A proposta de regulamentação dos planos de saúde aprovada na Câmara foi a do deputado Pinheiro Landim (PMDB-CE) e, confirmando as expectativas, ela desagradou tanto as entidades de defesa do consumidor como as empresas do setor.
O Procon de São Paulo e o Instituto Brasileiro de Defesa do Consumidor (Idec), por exemplo, destacaram que a regulamentação vai contra o Código de Defesa do Consumidor quando, entre outros pontos, estabelece uma carência de dois anos para tratamento de doenças preexistentes e exclusão de cobertura de procedimentos complexos nos planos mínimos.

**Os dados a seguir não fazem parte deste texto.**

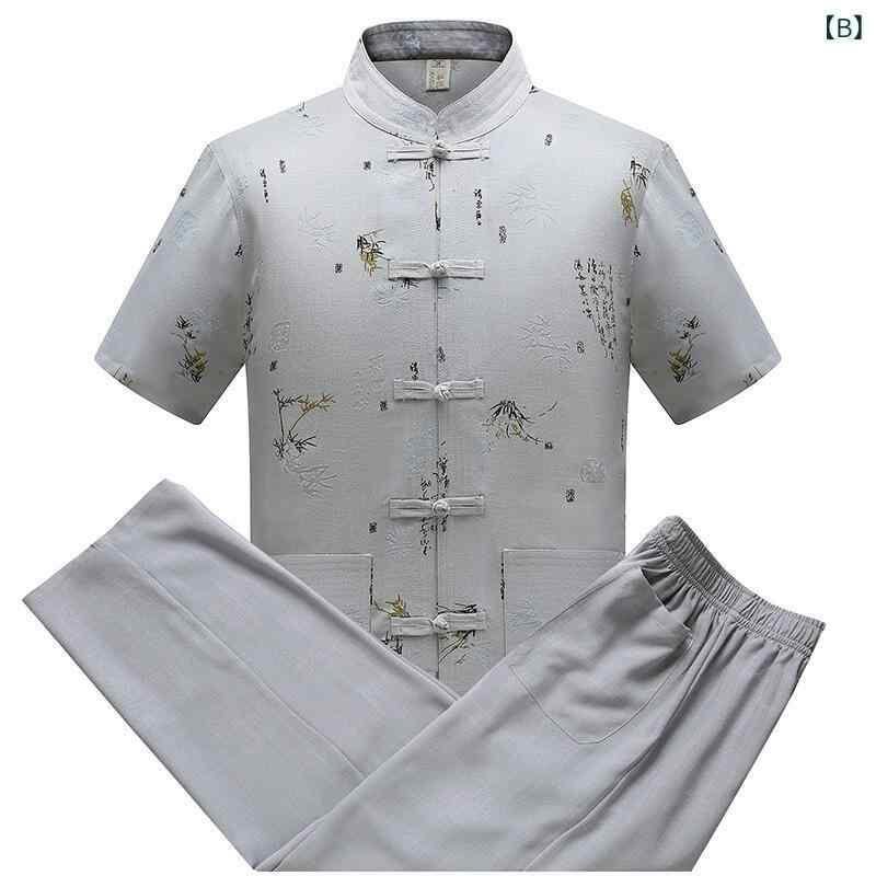 唐装 メンズ 男性用 中高年 夏物 半袖 セットアップ 中国風 太極拳ウェア カンフー服 麻調 ポリエステル混紡 通気性 涼感 カジュアル 普段使い

Os convênios médicos, por sua vez, alertam que, além de elevar os preços das mensalidades, a regulamentação tende a fazer com que pequenas empresas não tenham condições de permanecer no mercado.
Apesar das críticas, os órgãos de defesa do consumidor e as empresas de saúde reconhecem que a regulamentação é um avanço para um setor que, até hoje, funciona de forma pouco organizada. Para os usuários, um exemplo está na questão da carência: se hoje ela é estabelecida livremente, pelo projeto ela teria de ser de no máximo seis meses, exceto para partos, que teria carência de dez meses.
Para as empresas sérias do setor, o benefício com a regulamentação é a possibilidade de uma limpeza profunda nesse mercado, que reúne atualmente cerca de 1,5 mil convênios, muitos oferecendo serviços de qualidade duvidosa.
Quem também destaca que houve avanços com o projeto aprovado é o sócio-diretor da CRC - Consultoria e Administração em Saúde, Luiz Fernando Figueiredo. Ele salienta, no entanto, que furos na regulamentação deverão começar a surgir em breve e há necessidade de que eles sejam corrigidos o mais rápido possível.